Sicily’s longest decade began with five high-profile murders in the space of nine months: ‘eminent corpses’, as they were called.
In Palermo, on 26 January 1979, Mario Francese was shot in the head outside his house. Francese was the crime correspondent of Sicily’s main daily, the
Giornale di Sicilia
. With him when he died was his twenty-year-old son Giulio, who was just a few weeks into his own career as a journalist.
Six weeks later, on 9 March, Michele Reina, the leader of the Christian Democrat Party in the province of Palermo, died in a hail of dumdum bullets at the wheel of his car. His wife, who was beside him, saw the killer grinning as he fired. Reina was the first post-war politician to be murdered by the Sicilian mafia; he left three young children.
The third assassination took place at the other end of the country, in the banking centre of Milan, on 11 July. Giorgio Ambrosoli, a lawyer, had been appointed by a court to dig into the affairs of disgraced Sicilian banker, Michele Sindona. A team of three killers was waiting for Ambrosoli when he got home late in the evening; he too left a wife and three small children.
Ten days later, back in Palermo, Boris Giuliano, the commander of the Flying Squad was shot seven times at the counter of his local bar.
Cesare Terranova was a judge. On 25 September, he and his bodyguard, Lenin Mancuso, were gunned to death in their car. One witness said that the killers wore smiles on their faces.
A journalist, a politician, a financial lawyer, a policeman and a judge. Information, democracy, honest finance, law enforcement and justice. One after another, the mafia’s smiling killers had attacked five pillars of Italian society.
None of these murders, taken in isolation, was entirely without precedent for the Sicilian mafia. But coming so close together they made clear an unmistakable and chilling new trend. Sicilian
mafiosi
had never launched such a systematic assault on representatives of the state. The institutions were infiltrated and corrupted, but they were not attacked head on. Now, suddenly, the mafia had taken a terrorist turn.

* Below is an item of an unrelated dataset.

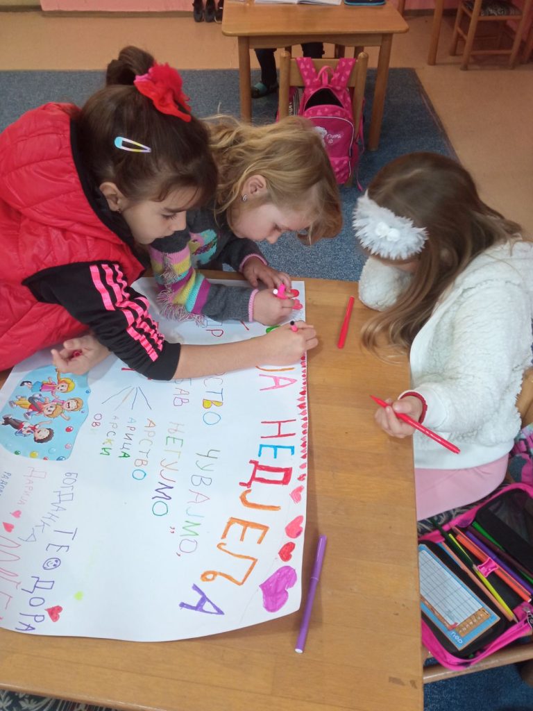 Поред тога, ученици су израђивали пригодне паное, а педагог школе Душка Тошић је ученицима прве тријаде одржала предавање у виду презентације о правима дјетета.

Comparisons between the mafia and the threat from subversives of Right and Left were on many commentators’ lips during the season of terrorism known as the Years of Lead. Cosa Nostra itself had given them a cue. Following both the Reina and Terranova murders, the offices of
Giornale di Sicilia
received anonymous calls claiming to be from terrorist cells. The calls were fake, and intended to mislead investigators. But the parallel between the Sicilian mafia and the Red Brigades was far from spurious. Both killed journalists, politicians, lawyers, police and magistrates. Both arrogantly assumed themselves to be above the law. Both thought the Italian state was so weak, and so discredited, that it could simply be bullied into submission. Violence was used because violence would work—by now, it was part of the language of Italian public life. The Italian people could be relied upon to sit, arms folded, and watch as their country went down.